[Working data Boundary: Start]

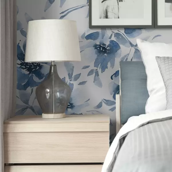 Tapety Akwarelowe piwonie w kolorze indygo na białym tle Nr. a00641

[Working data Boundary: End]
[Working data Boundary: Start]

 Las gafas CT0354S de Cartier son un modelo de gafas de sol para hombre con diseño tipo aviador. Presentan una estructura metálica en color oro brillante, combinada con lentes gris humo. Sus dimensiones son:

[Working data Boundary: End]
[Working data Boundary: Start]

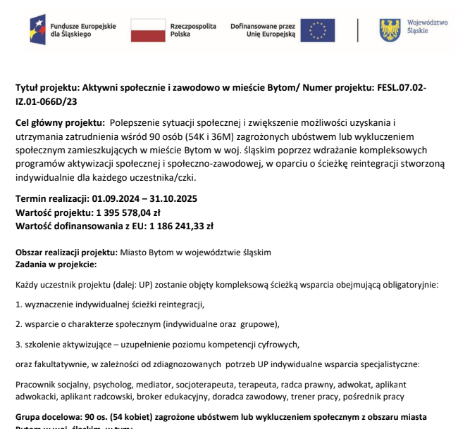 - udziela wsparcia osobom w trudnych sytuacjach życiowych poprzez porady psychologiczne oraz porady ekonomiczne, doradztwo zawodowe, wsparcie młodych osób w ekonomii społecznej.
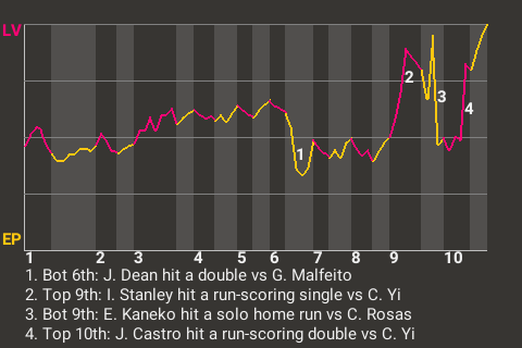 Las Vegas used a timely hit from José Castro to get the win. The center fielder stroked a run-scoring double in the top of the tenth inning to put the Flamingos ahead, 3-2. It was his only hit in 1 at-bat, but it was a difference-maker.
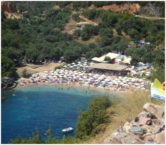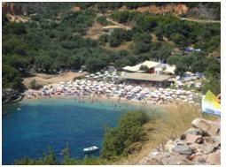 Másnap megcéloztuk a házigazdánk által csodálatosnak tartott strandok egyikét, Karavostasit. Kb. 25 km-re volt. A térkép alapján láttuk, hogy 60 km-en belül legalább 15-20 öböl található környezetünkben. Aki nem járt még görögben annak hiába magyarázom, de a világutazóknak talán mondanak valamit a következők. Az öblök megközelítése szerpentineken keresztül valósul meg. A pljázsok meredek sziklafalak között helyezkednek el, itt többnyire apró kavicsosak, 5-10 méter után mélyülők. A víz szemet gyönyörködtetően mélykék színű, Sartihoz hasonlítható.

[Working data Boundary: End]

What you have to do: Among the entries above, copy exactly the stretch from the line holding "- udziela wsparcia" through the line holding "Másnap megcéloztuk a", leaving out any pictures.

Solution to this task:
 - udziela wsparcia osobom w trudnych sytuacjach życiowych poprzez porady psychologiczne oraz porady ekonomiczne, doradztwo zawodowe, wsparcie młodych osób w ekonomii społecznej.
 Las Vegas used a timely hit from José Castro to get the win. The center fielder stroked a run-scoring double in the top of the tenth inning to put the Flamingos ahead, 3-2. It was his only hit in 1 at-bat, but it was a difference-maker.
 Másnap megcéloztuk a házigazdánk által csodálatosnak tartott strandok egyikét, Karavostasit. Kb. 25 km-re volt. A térkép alapján láttuk, hogy 60 km-en belül legalább 15-20 öböl található környezetünkben. Aki nem járt még görögben annak hiába magyarázom, de a világutazóknak talán mondanak valamit a következők. Az öblök megközelítése szerpentineken keresztül valósul meg. A pljázsok meredek sziklafalak között helyezkednek el, itt többnyire apró kavicsosak, 5-10 méter után mélyülők. A víz szemet gyönyörködtetően mélykék színű, Sartihoz hasonlítható.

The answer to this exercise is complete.